At Khan el Khalili, we went to the Bedouin shop and looked at all the fancy bedouin jewelry and clothes. The owner took us up stairs to his secret hideaway where he kept his real goodies. Wow. I was impressed. There were all kinds of ethnic wear there. Very nice indeed. We played for a long time while he brought out more and more tempting items.
There were lots of souvenirs in the bazaar. It was full of beautiful things, full of useless things. Some very nice copies of the artifacts found in the tombs were for sale. I was too tired to bargain, so I left without getting anything. We took a taxi back to the hotel to get ready for Ahmed’s surprise.
Riding in a taxi is risking death. The drivers there have no regard for red lights or white lines dividing the roads into lanes. Pedestrians walk right out in front of you, and progress is made fairly slowly.

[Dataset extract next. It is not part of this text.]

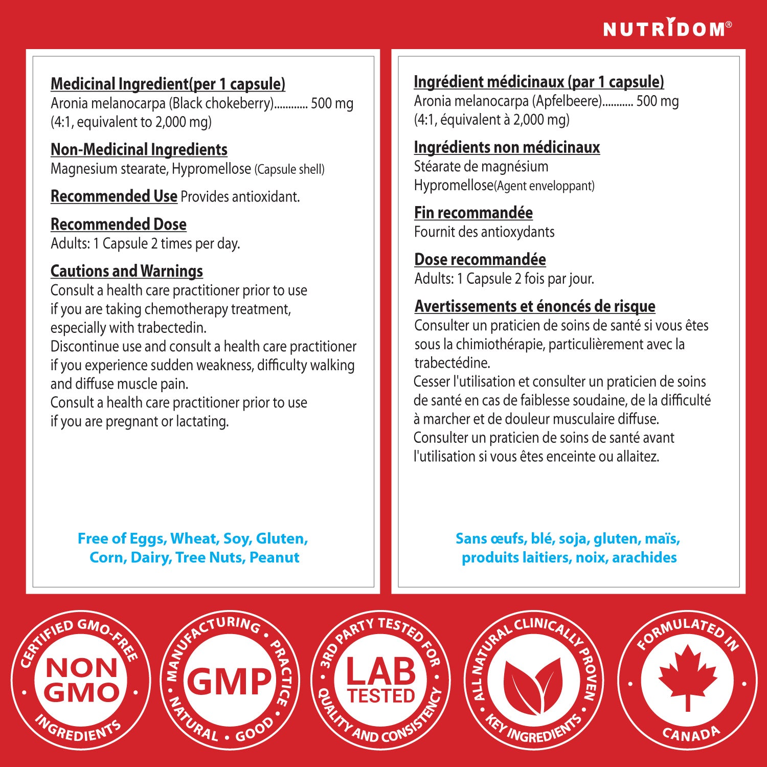 Nutridom North American Aronia | 500mg (2000mg QCE) | 120 Vcaps

I am not sure if I felt safer after walking or riding, but Daleela was so fascinated with the trip, that she video taped it. Evidence for those who would not believe our tales!

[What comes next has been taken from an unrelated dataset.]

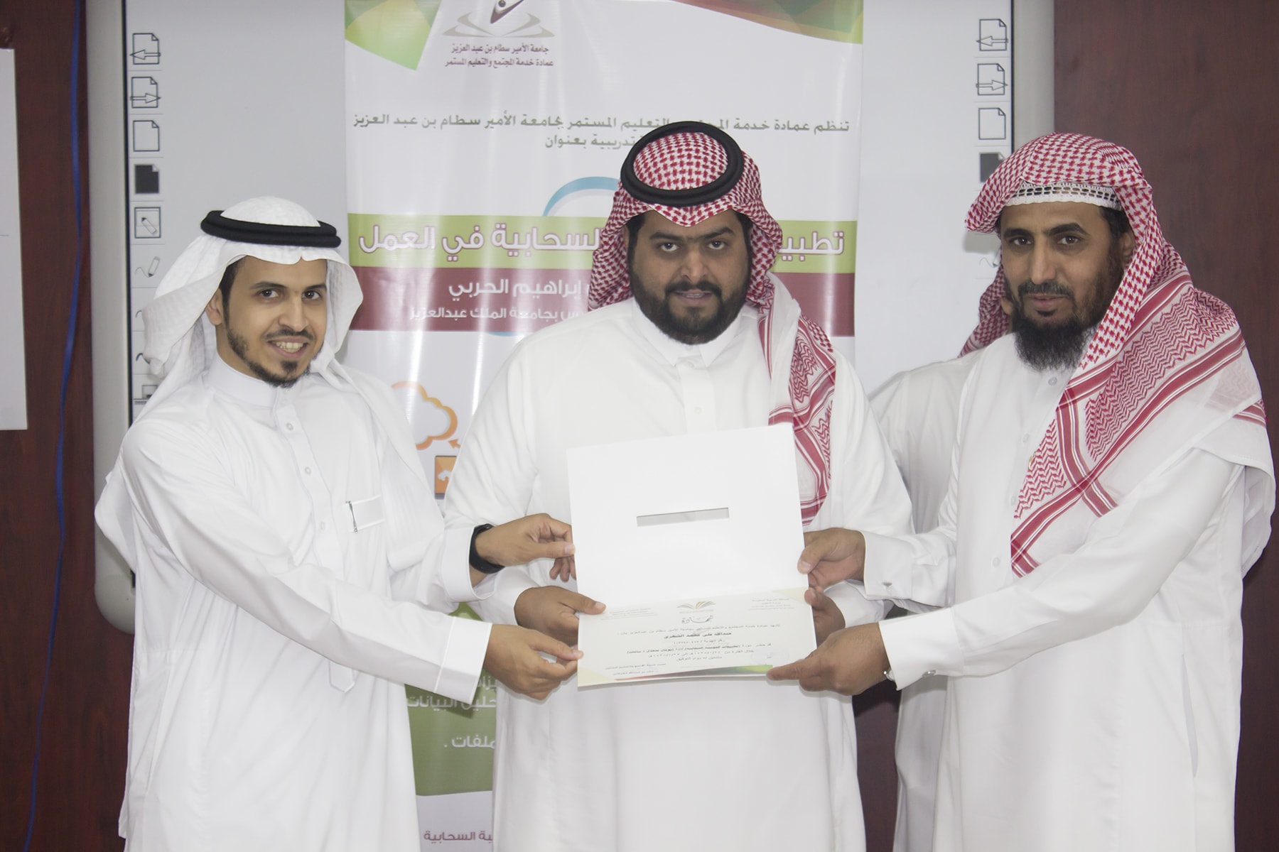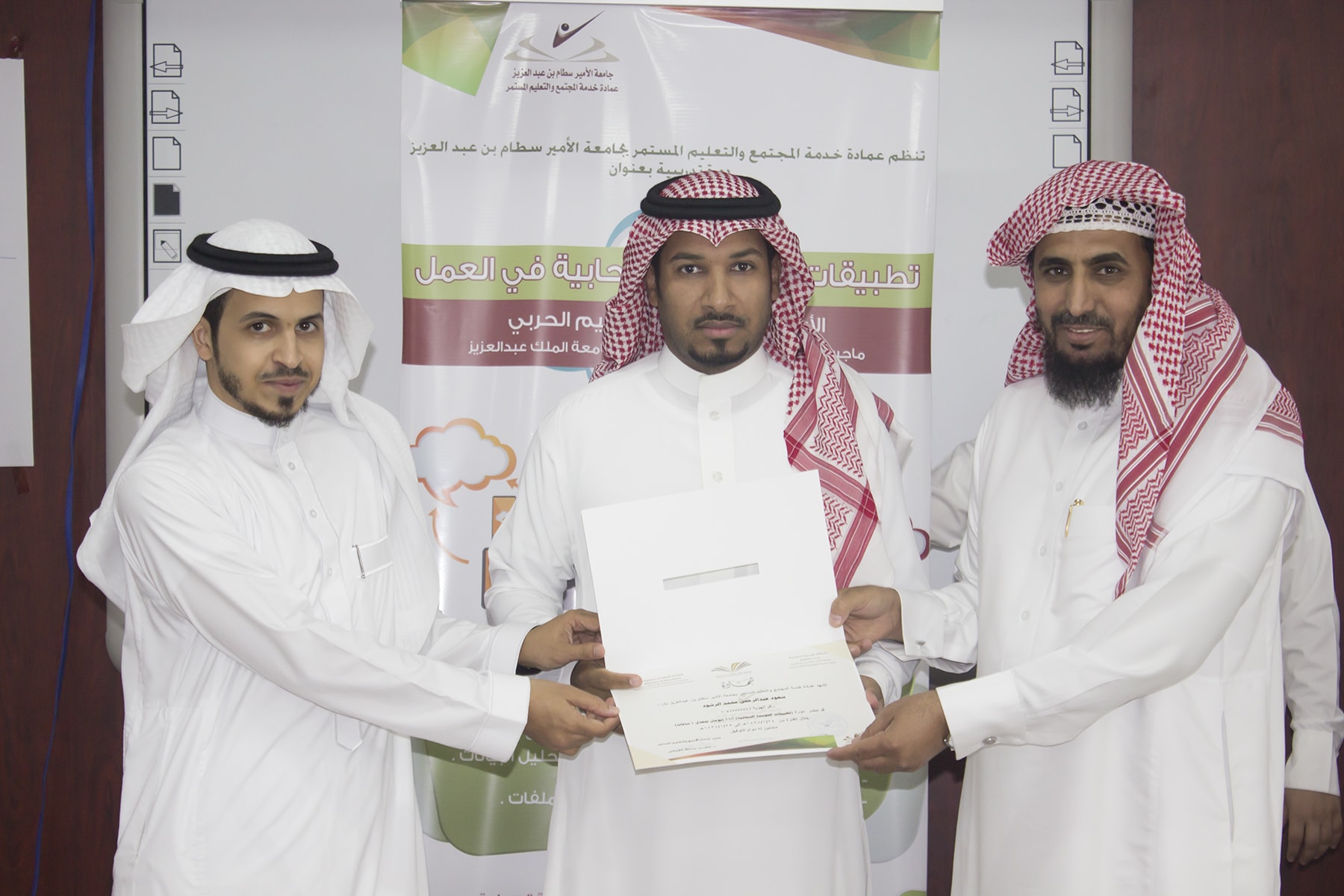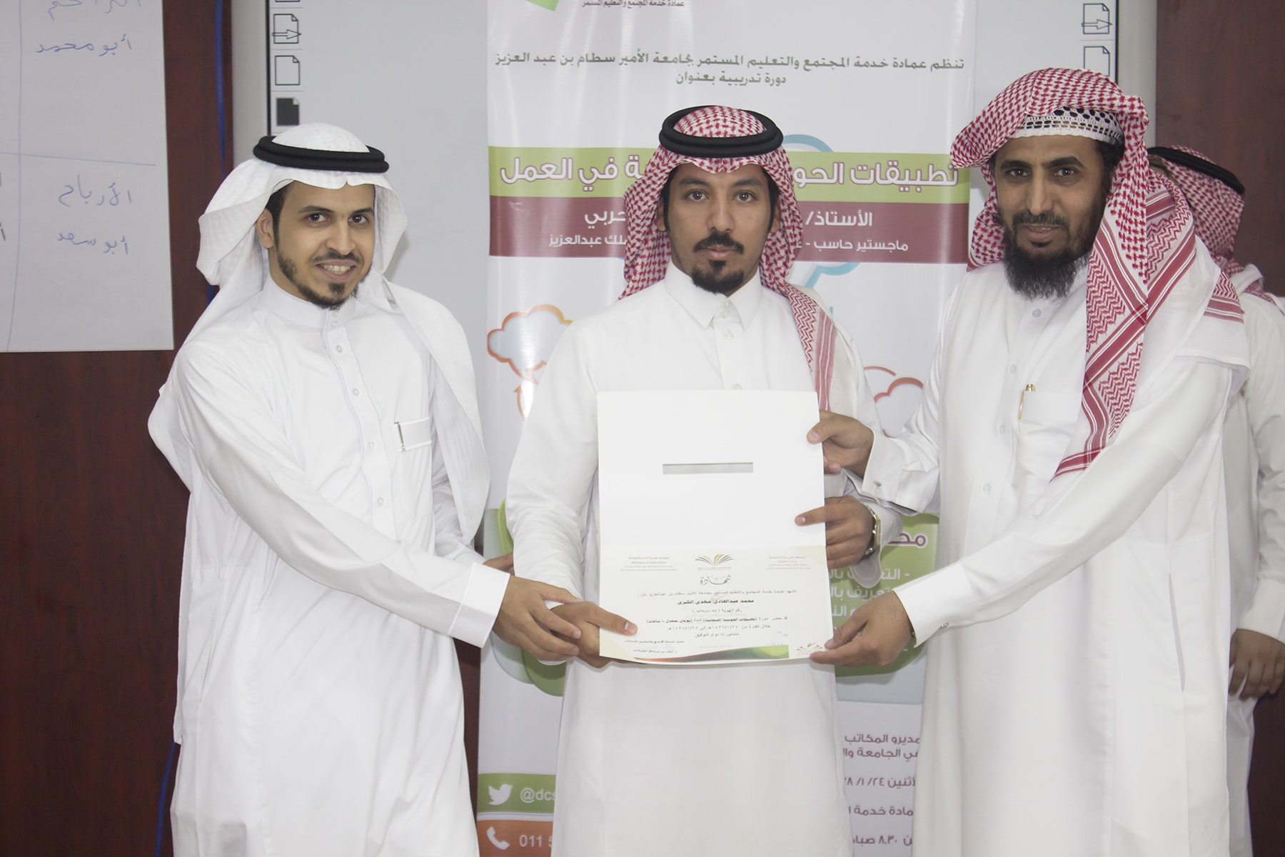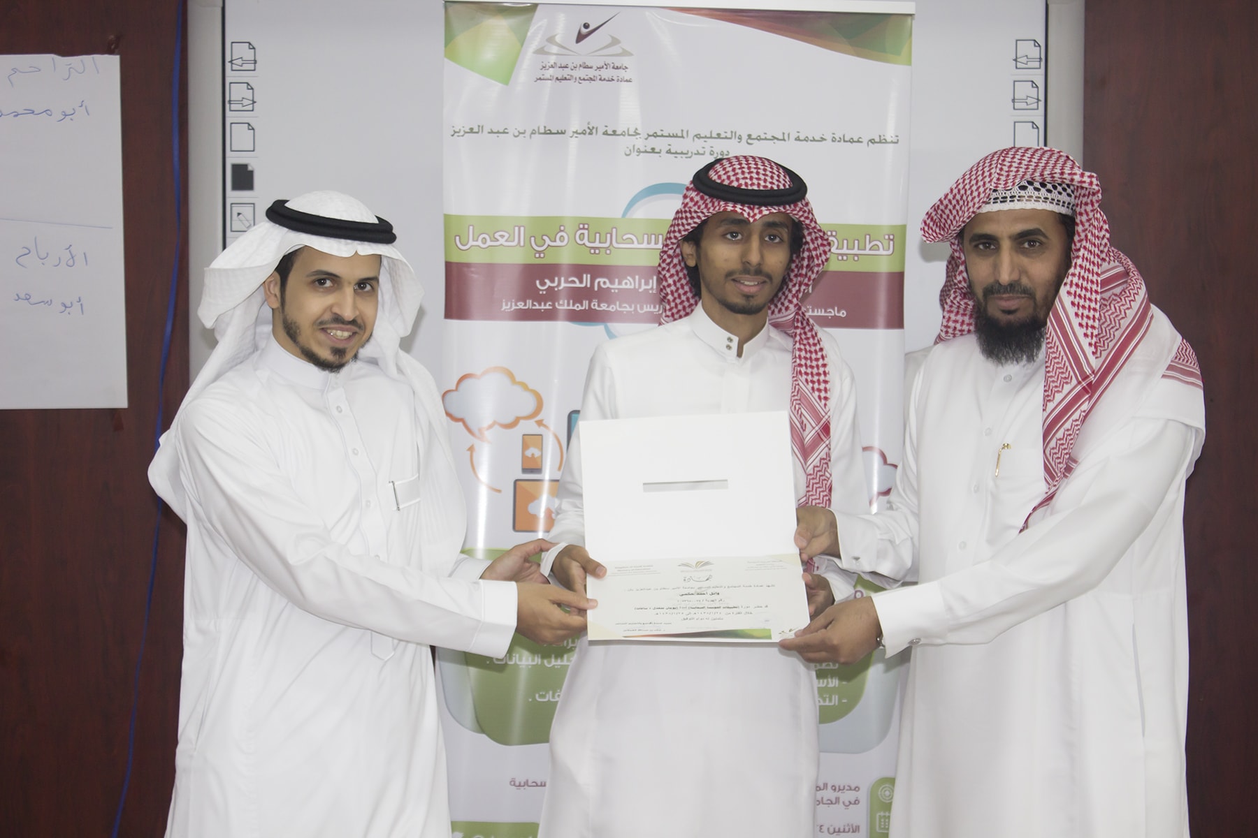اختتمت ظهر الأربعاء 25/1/1438 هـ دورة تطبيقات الحوسبة السحابية في العمل والتي أقيمت في قاعة التمييز بعمادة خدمة المجتمع و التعليم المستمر بالجامعة .

We arrived back at the hotel with only a few minutes to freshen up, then we were on our way to the surprise. We climbed up wide and dark stairs, passing people who appeared to be waiting in line for the same destination as us. Somehow we got right past them and into a T-shaped room full of people. We found seats on the floor and looked around in wonder at what could be happening there. We spied the high ceilings, carpeted walls, mosaic walls, and dusty floor. Intriguing, but it didn’t give us any clue to what was going on.
Though the room was already packed, in the few minutes we waited in anticipation, even more people were let in to further crowd us. Whatever it was, it must be something pretty spectacular.
Finally it began with a drum. Dervishes! Drums and sagat were the only accompaniment, but each soloist showed off his expertise then joined the group. The music was fabulous. The spinning was fabulous, but what made this choreographed presentation so wonderful was the absolute ecstacy on the faces of the dancers. To watch was to be drawn into the ecstacy yourself. It went far beyond the ecstacy of perhaps being with a lover, but was more like the ecstacy of being at one with God and the universe. I felt like I was spying on something so personal and sacred. It was truly heavenly.
Once everyone began filing out, we lingered to get our picture taken with the spinners and to compliment them on a job well done. They seemed genuinely pleased at the attention and were very warm. They were alarmingly humble. I could not believe that they did not receive this kind of adoration all the time.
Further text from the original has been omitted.